The DAC has been concerned with corruption for over a decade, with work undertaken on strengthening donors’ efforts in aid-funded procurement in particular. However, a 2003 GOVNET report concluded that donors had made little progress in addressing corruption in the field. Limited capacity, competing priorities and piecemeal approaches constrained any strategic impact at the field level, beyond one or two well known small-scale examples.

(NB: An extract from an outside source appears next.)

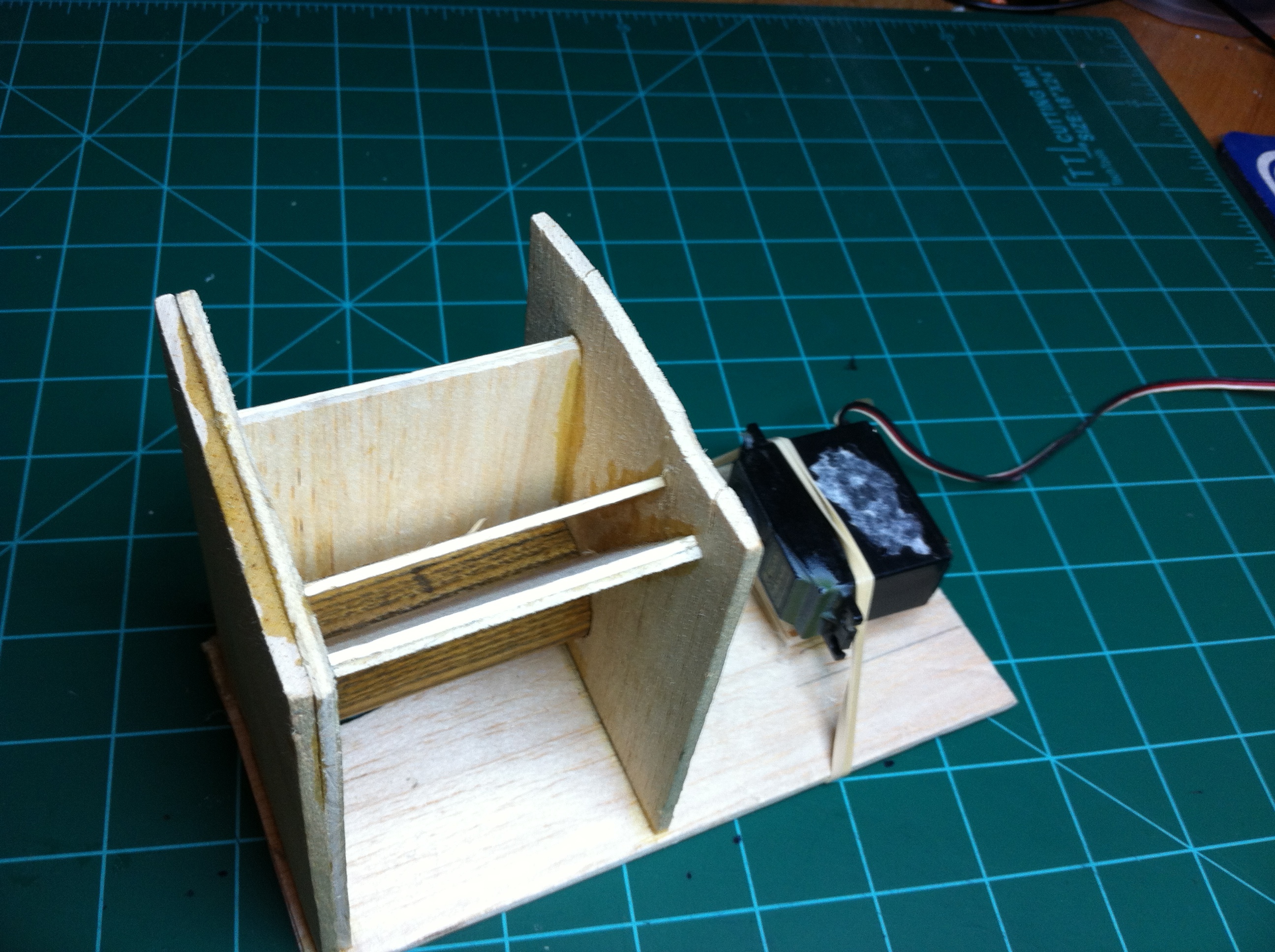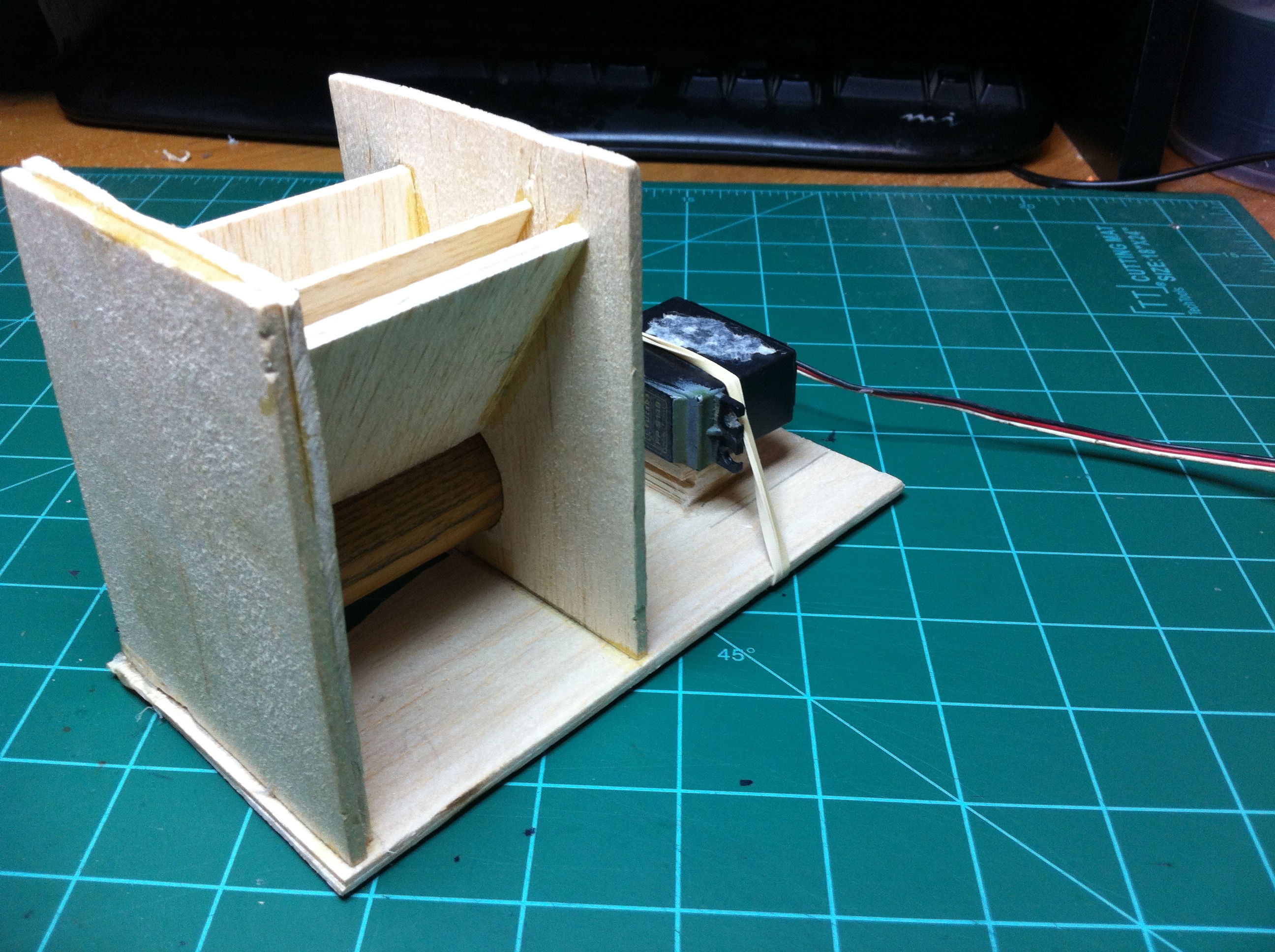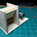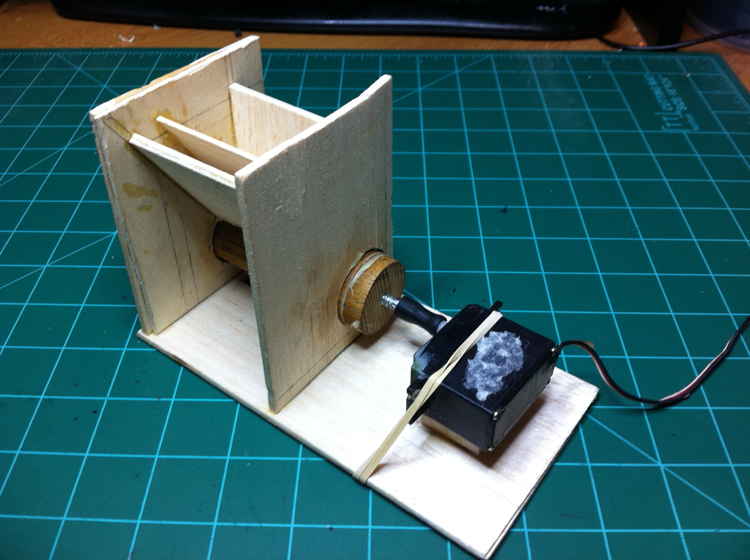 This version is made out of 1/8″ balsa wood. It’s the exact same design as the first version, it is now just made out of wood. It’s got a base, a hopper, a dowel with a groove in it, and a 360 servo. I am using a piece of 1/8″ inner diameter vacuum tubing to connect the servo to the wood screw that is in the dowel. There’s not much I can add in terms of design details because it is the same design as version one. This is more or less just an update on the project.

At the same time, the context in which donors operate has changed. Donor-driven perspectives have given way to approaches that place donors in a role that supports developing countries’ own anticorruption  efforts. International co-operation and understanding of corruption have advanced, with a number of initiatives promoting more coherent frameworks for addressing corruption. And the prospects of very significant increases of aid—possibly an additional $50 billion per year by 2010 and beyond have raised the stakes for both donors and partner countries. Stronger governance and anti-corruption provisions, accountability and financial management capacity will be needed both by recipients and donors.


Principles for Donor Action on Anti-Corruption
In response to these developments, a Partnership Forum on Improving Donor Effectiveness in Combating Corruption took place in December 2004. Draft Principles for Donor Action in Anti- Corruption were developed and subsequently endorsed by the GOVNET. A survey conducted in ten developing countries (Bangladesh, Georgia, Kosovo - Serbia and Montenegro, Mozambique, Nicaragua, Nigeria, Tanzania, Uganda, Vietnam and Zambia), as well as presentations to donor communities, partner countries and civil society representatives, revealed strong support for the draft Principles. The overriding emerging conclusion was that the draft Principles reflected best practice and that their widespread application would enhance donor effectiveness in combating corruption. The draft Principles were given final endorsement by the DAC at their 22 September 2006 meeting.

The Principles embrace the key areas and activities where donors should work together on anticorruption. They emphasise the need to support and strengthen the capacity of civil society, and underline the need for OECD donors to undertake work in their own countries on areas such as repatriation of assets, money laundering, and the ratification and implementation of the United Nations Convention against Corruption.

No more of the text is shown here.